I think our Nation ought to take the leadership in addressing for the first time, in a comprehensive way, the rapidly dwindling supplies of oil and natural gas and other energy sources.

No nation has yet established a strong, comprehensive, well-thought-out conservation plan. Our Nation has been blessed, as you know, with large quantities of energy, but we ought to be the one, I think first, to strive for strong conservation measures because we waste more.

We can have a better conservation effort because we're the most wasteful nation on Earth. We have about the same standard of living, as I said on my television speech the other night, as Sweden, Japan, Germany, but we use twice as much energy per person.

And if there is one group of people in our country who could play a leadership role in trying to save energy, it's you. You could monitor what goes on in your schools, in your public buildings that are owned by the State and local governments, in your own home, the kind of automobiles you 'buy, the kind of transportation that you use. I think this is the kind of thing where you could mount a nationwide effort to help me with all these conservation matters.

And the last thing that I'll mention, in order to save your time, is that I've tried to bring to our Government a new openness. I think that it's obvious, if you read the editorial comments, that sometimes we are criticized because I tell the American people things that haven't been made public before.

If I have a group of options in dealing with Turkey and Greece, or dealing with the Zairian problem, or dealing with the Middle East, or dealing with the SALT negotiations with the Soviet Union, or how to reopen relationships with Vietnam or Cuba or the People's Republic of China, I feel much more secure as President if I let the American people know what my thoughts are and let them know the facts about these international and very sensitive discussions. Because to the extent that the American people debate these issues, and to the extent that I can learn from the debate, I feel more sure that I will make the right decision. And when I do express an opinion or take a position with foreign leaders, I want to be sure that my position accurately represents what the American people are and what the American people want me to do.

So, we are trying to make some changes. We've made a lot of mistakes. We're going to make some more. But I hope that to the extent that you can, you'll stay involved in what we do, monitor the decisions that I make, and feel that you're part of the Government, just as I am.

I wouldn't be at all surprised if someone in this group, or some of those that are in this organization that are left 'behind, would be in Government in the future, perhaps President of the United States.

I never thought about being President when I was your ,age. All I wanted to do was to 'be sure I went to college and to get off the farm for a while. But the way things have worked out, with the help of Midge Costanza and others, I have been successful in reaching this very important position.

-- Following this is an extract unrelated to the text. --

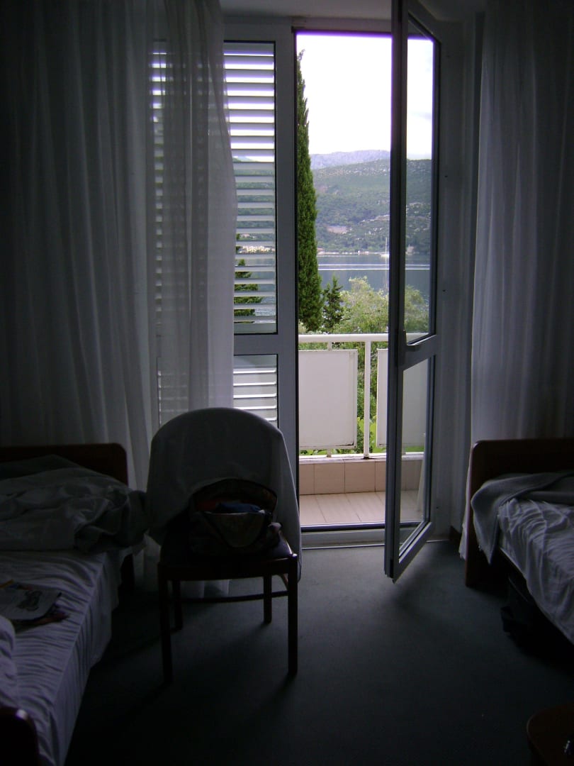 Doppelzimmer im Nebengebäude, der winzige Schreibtisch und ein weiterer Stuhl sind auf dem Foto nicht zu sehen. links vom Standort des Fotografen ein schmaler aber hoher Einbaukleiderschrank, rechts die Tür zum Mini-Bad.

I don't look on it as something that separates me from you. I don't look on it as something that makes me better than anyone else. I hope that I can always serve you as President during this term of office in a way that would make you proud. I want you to stay close to me, let me have your suggestions, your support, your advice, your counsel, and your criticisms when you think I do the wrong thing.

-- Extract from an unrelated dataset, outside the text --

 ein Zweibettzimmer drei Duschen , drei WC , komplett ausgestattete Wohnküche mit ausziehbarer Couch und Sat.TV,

But feel free always to try to shape the decisions that are made in Government, because it belongs to you as much as it does to me.

Thank you very much.

Note: The President spoke at 4:30 p.m. in the Rose Garden at the White House. The CLOSE-UP program, which was established as a memorial to Senator Allen Ellender of Louisiana, brings high school students and their teachers from cities around the country to spend a week in Washington where they attend seminars with administration officials and Members of Congress.